━━━━━ EXERCISE INPUTS
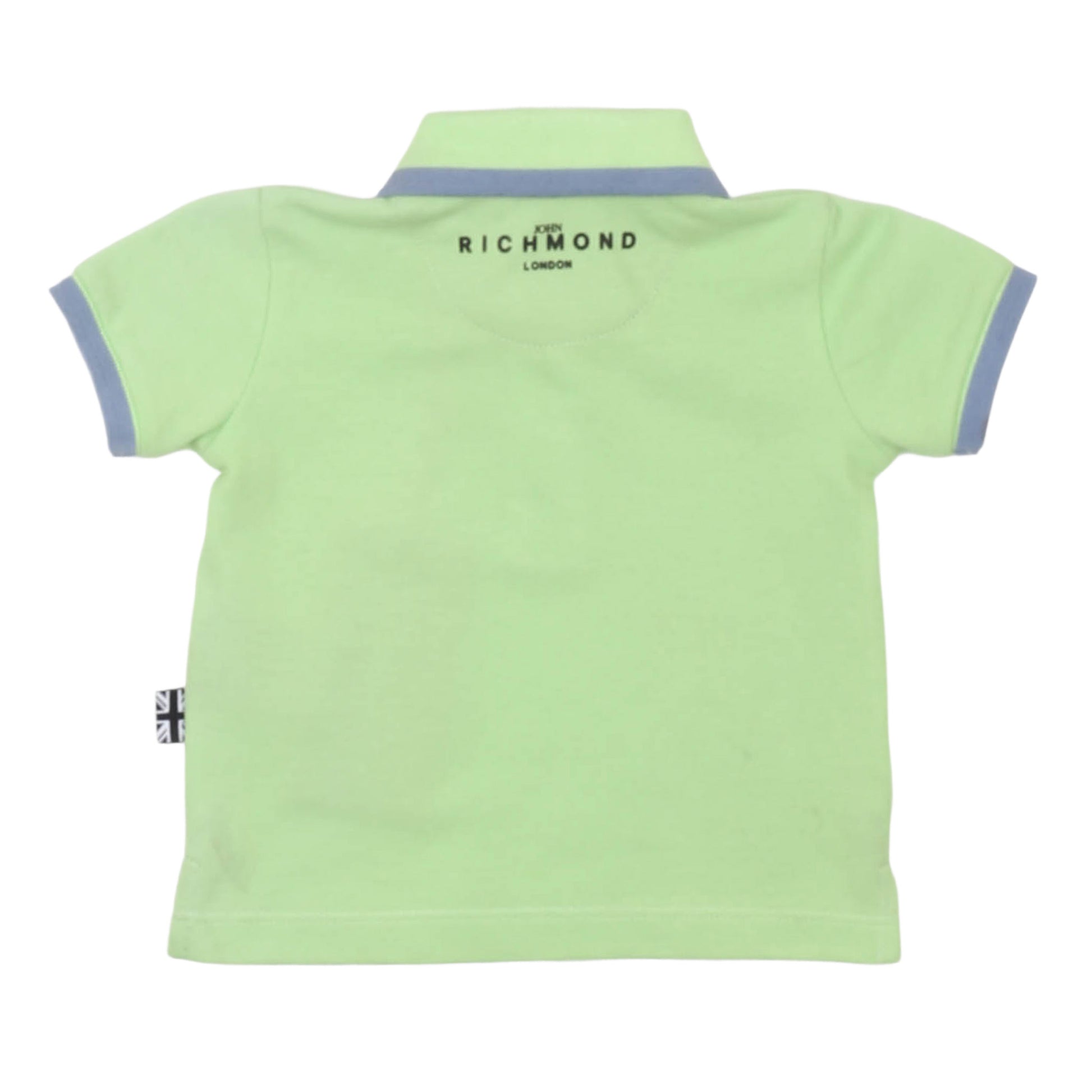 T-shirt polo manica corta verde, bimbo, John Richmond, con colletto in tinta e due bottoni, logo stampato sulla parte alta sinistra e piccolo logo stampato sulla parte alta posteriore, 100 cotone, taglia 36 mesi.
━━━━━━━━━━
━━━━━ EXERCISE INPUTS
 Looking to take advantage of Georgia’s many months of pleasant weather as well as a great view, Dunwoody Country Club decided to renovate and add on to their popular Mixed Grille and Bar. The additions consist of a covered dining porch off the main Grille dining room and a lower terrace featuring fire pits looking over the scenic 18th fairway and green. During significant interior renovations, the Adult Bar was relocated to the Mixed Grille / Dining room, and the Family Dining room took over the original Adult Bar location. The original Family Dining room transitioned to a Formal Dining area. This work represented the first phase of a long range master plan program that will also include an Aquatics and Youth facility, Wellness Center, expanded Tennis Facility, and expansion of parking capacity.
━━━━━━━━━━
━━━━━ EXERCISE INPUTS
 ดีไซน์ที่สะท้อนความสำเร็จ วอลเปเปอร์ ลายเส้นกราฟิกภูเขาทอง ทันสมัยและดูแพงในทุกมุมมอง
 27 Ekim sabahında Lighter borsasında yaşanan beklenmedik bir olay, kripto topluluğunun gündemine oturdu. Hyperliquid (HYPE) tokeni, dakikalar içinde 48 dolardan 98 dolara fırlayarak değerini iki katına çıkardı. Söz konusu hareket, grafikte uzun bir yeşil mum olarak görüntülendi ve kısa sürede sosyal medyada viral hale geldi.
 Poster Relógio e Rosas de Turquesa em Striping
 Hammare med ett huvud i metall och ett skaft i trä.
━━━━━━━━━━
Using the entries above, repeat only the lines from the one containing "27 Ekim sabahında" through the one containing "Hammare med ett", end lines included.

 27 Ekim sabahında Lighter borsasında yaşanan beklenmedik bir olay, kripto topluluğunun gündemine oturdu. Hyperliquid (HYPE) tokeni, dakikalar içinde 48 dolardan 98 dolara fırlayarak değerini iki katına çıkardı. Söz konusu hareket, grafikte uzun bir yeşil mum olarak görüntülendi ve kısa sürede sosyal medyada viral hale geldi.
 Poster Relógio e Rosas de Turquesa em Striping
 Hammare med ett huvud i metall och ett skaft i trä.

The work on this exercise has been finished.